In instances where ASD coincides with food allergies, the gut microbial composition seems to undergo further changes. Notably, there is frequently a higher prevalence of the phylum Proteobacteria, a category of bacteria that has been previously linked to immune-mediated and autoimmune disorders [59]. Furthermore, an increase in the Firmicutes/Bacteroidetes ratio has been observed in these individuals, a microbial characteristic typically associated with enhanced allergic immune reactions [59,60]. Certain microbial taxa have been associated with various GI phenotypes in ASD. For instance, both Clostridium aldenense and Oscillospira plautii have been found in children displaying general GI issues and constipation [61]. Additionally, Turicibacter sanguinis has surfaced as a particularly significant species, often found in higher levels in children with ASD and GI symptoms, and positively correlated with the severity of autistic traits [62].
Previous research reinforces these findings, indicating higher fecal concentrations of Clostridium histolyticum, a recognized toxin-producing bacterium, in children with ASD when compared to unrelated neurotypical controls.

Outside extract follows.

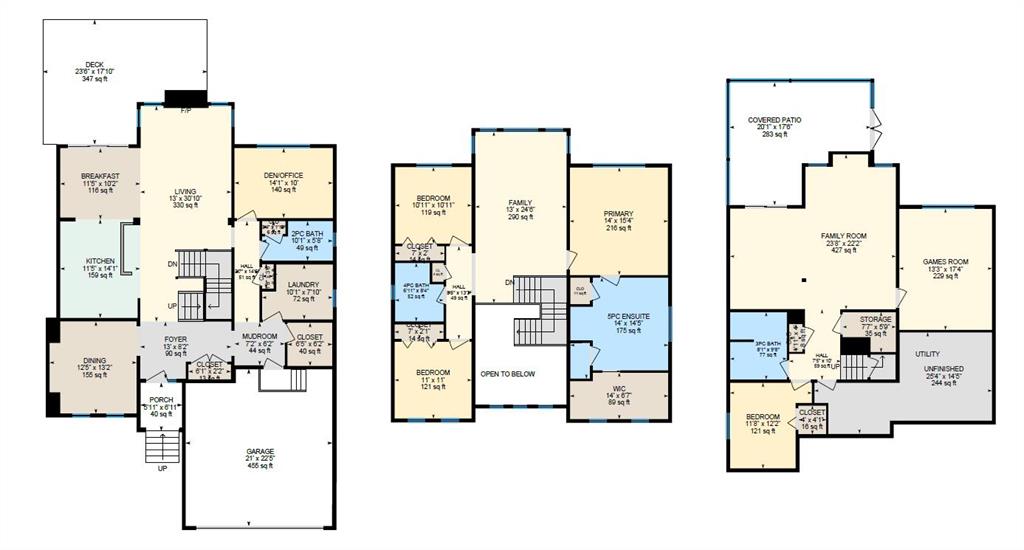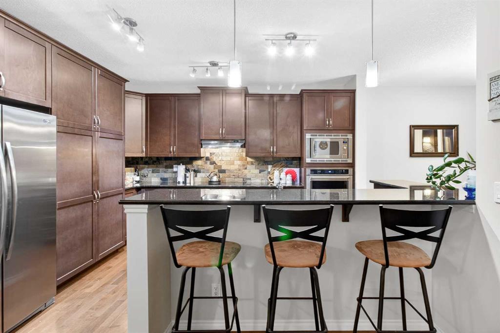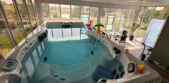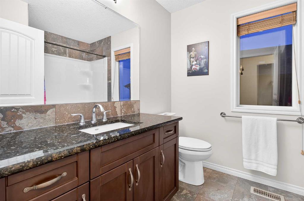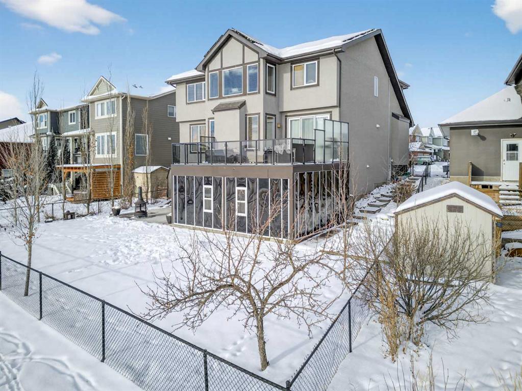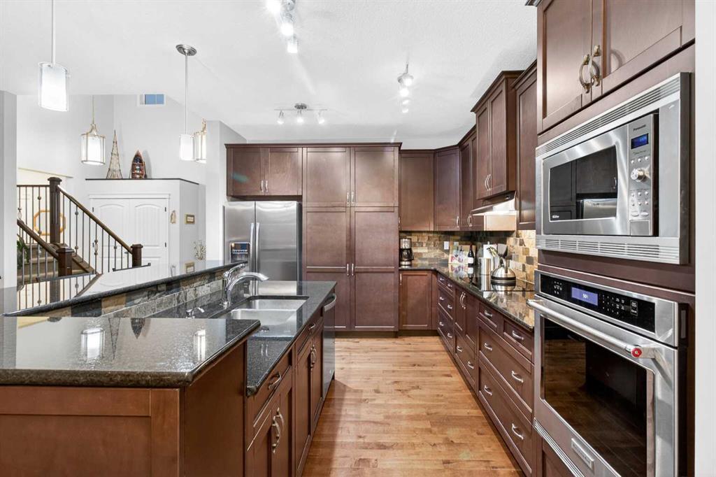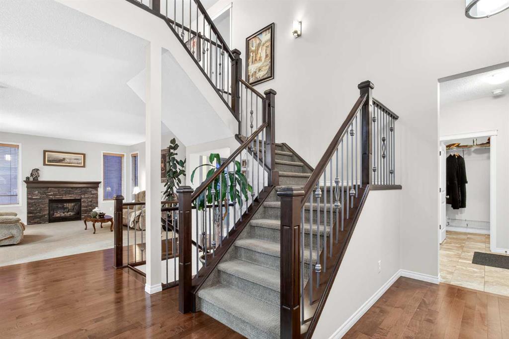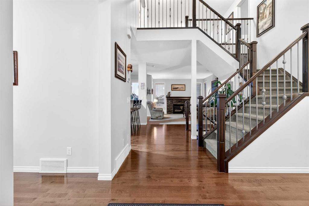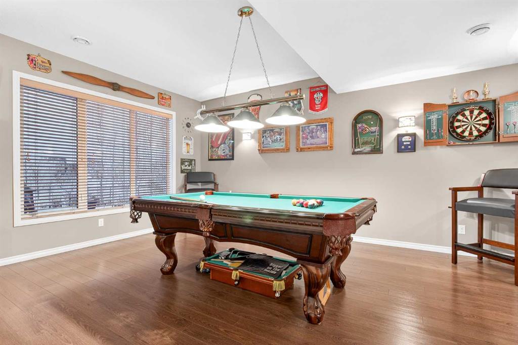 Custom built by Baywest Homes on a partial pie lot, this original-owner walkout home is ideally located in Air Ranch, backing south onto green space, pathways, and a pond. With over 4,200 sq ft of fully developed living space and approximately $185,000 in upgrades since 2020, this property offers exceptional space, functionality, and long-term value. The main floor features vaulted ceilings, hardwood flooring, and large windows that bring in abundant natural light and showcase the views. The open-concept kitchen includes custom cabinetry, granite countertops, stainless steel appliances, and a large island. The living room is anchored by a gas fireplace and flows into the dining nook and upper deck. A formal dining room, main-floor office, oversized laundry room, impressively huge second closet and mudroom complete this level. If you’re looking for main floor living options, the office and oversized bathroom beside could both be converted into a full bath and full bedroom. Up the elegant staircase, you will see a large bonus room overlooking the pond with mountain views to the west. The Primary Suite, aptly called “the west wing”, also with wonderful mountain views, sprawls along one side of the home with a massive 5-piece ensuite (that you can literally do cartwheels in!) and walk-in closet. Two other spacious bedrooms and full bathroom round out the upper level. The fully finished walkout basement with 9 foot ceilings provides additional living and entertaining space with a family/media area, flex area for gym equipment, games/billiards room, guest bedroom, full bathroom, and excellent storage. You will not only be impressed by the customized billiards room that is insulated for sound, but also by the extra space offered by the professionally built sunroom under the newly expanded deck. Here you will find oasis living and a Master Spas Challenger 15D swim spa to exercise or relax in year-round. The main media area in the basement was built with a Polk Audio surround sound system capacity. Out the back patio, the south-facing yard with automated irrigation system for the beautiful landscaping and fruit trees feels private and open at the same time, and backs onto green space and the pond beyond. Additional upgrades and features include 25 solar panels, programmable Trimlights, two high-efficiency furnaces, air conditioning, a Rheem Marathon hot water tank, updated mechanical components, and an oversized double attached garage. Screw piles have even been installed beneath the stamped concrete patio to accommodate the weight of a future outdoor fireplace if desired. This home in one of Okotoks’ most desirable communities has been lovingly thought out and cared for by the original owners and now is ready for new adventures!

However, this distinction was not evident when comparing ASD children to their healthy siblings [63]. The ongoing presence of Clostridium species in ASD populations, regardless of overt gastrointestinal issues, highlights their probable significance in the gut–brain pathophysiology associated with the disorder.

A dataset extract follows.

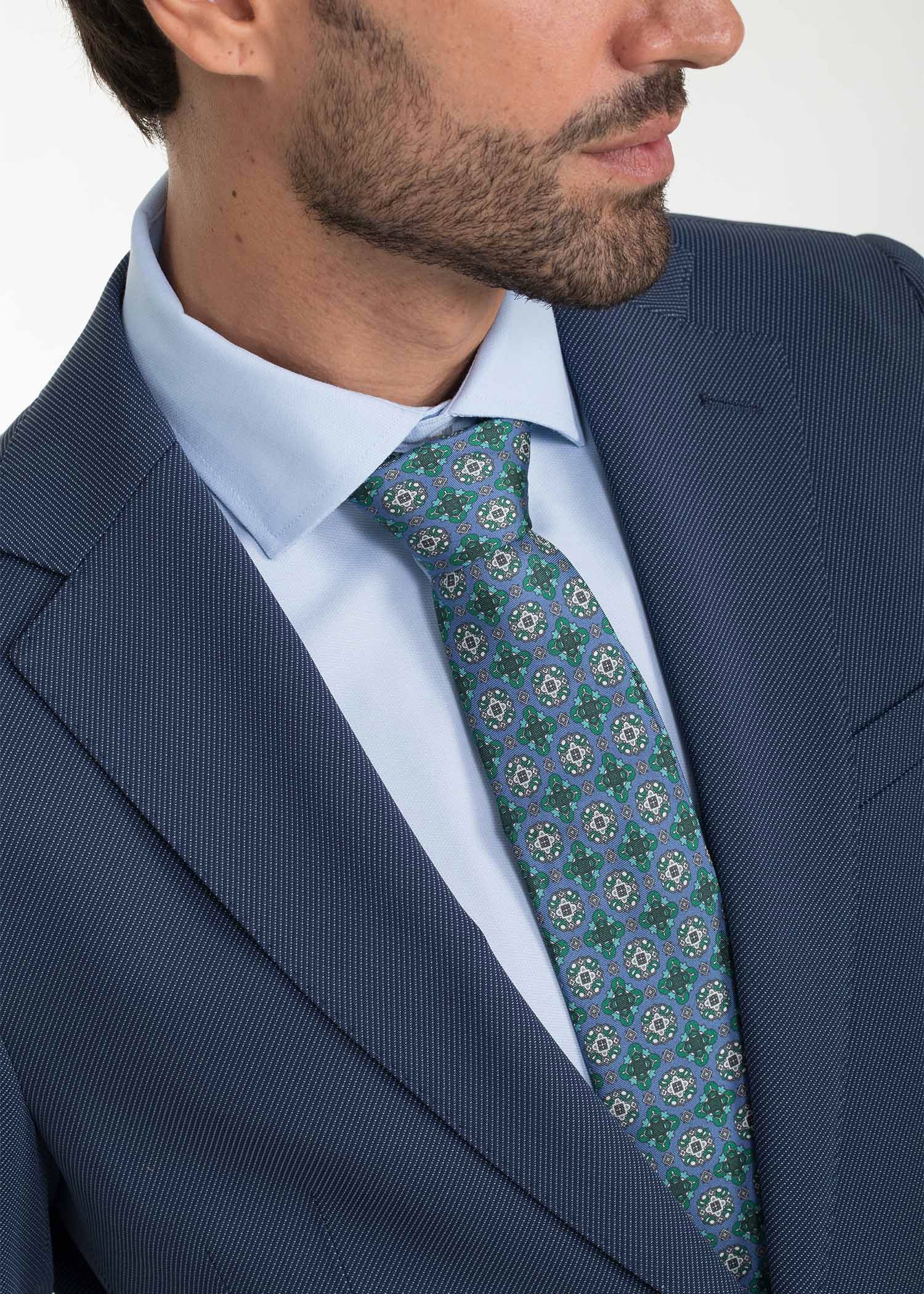 Un traje de hombre de color azul y corte slim fit es una prenda que combina elegancia y modernidad. Un clásico renovado. El azul es un tono elegante y sofisticado que conserva la elegancia.

5.2. Gut Microbiota and ADHD
Recent research has highlighted a significant connection between childhood ADHD and changes in gut microbiota. Longitudinal studies indicate that the composition of microbiota in early life could predict future neurodevelopmental outcomes. For example, Pärtty et al. (2015) showed that infants with higher levels of Bifidobacterium in their gut microbiota had a lower risk of developing ADHD later in childhood [64]. In a similar vein, Cassidy-Bushrow et al. (2023) performed a birth cohort study and discovered that infants who later developed ADHD had considerably fewer lactic acid bacteria, especially Lactobacillales and Enterococcaceae, in their microbiota at just six months old [65]. In addition to longitudinal studies, an increasing number of cross-sectional studies have investigated microbial variations in children already diagnosed with ADHD. Utilizing 16S rRNA sequencing, Aarts et al. (2017) found that children with ADHD exhibited a decrease in Firmicutes and an increase in Actinobacteria and Bifidobacterium when compared to healthy controls [66]. Similarly, Prehn-Kristensen et al. (2018) noted a significant reduction in alpha-diversity among ADHD patients, with marked differences in microbial composition, including a higher abundance of Bacteroidaceae, Neisseriaceae, and Neisseria spp., which were all proposed as potential microbial markers for ADHD [67].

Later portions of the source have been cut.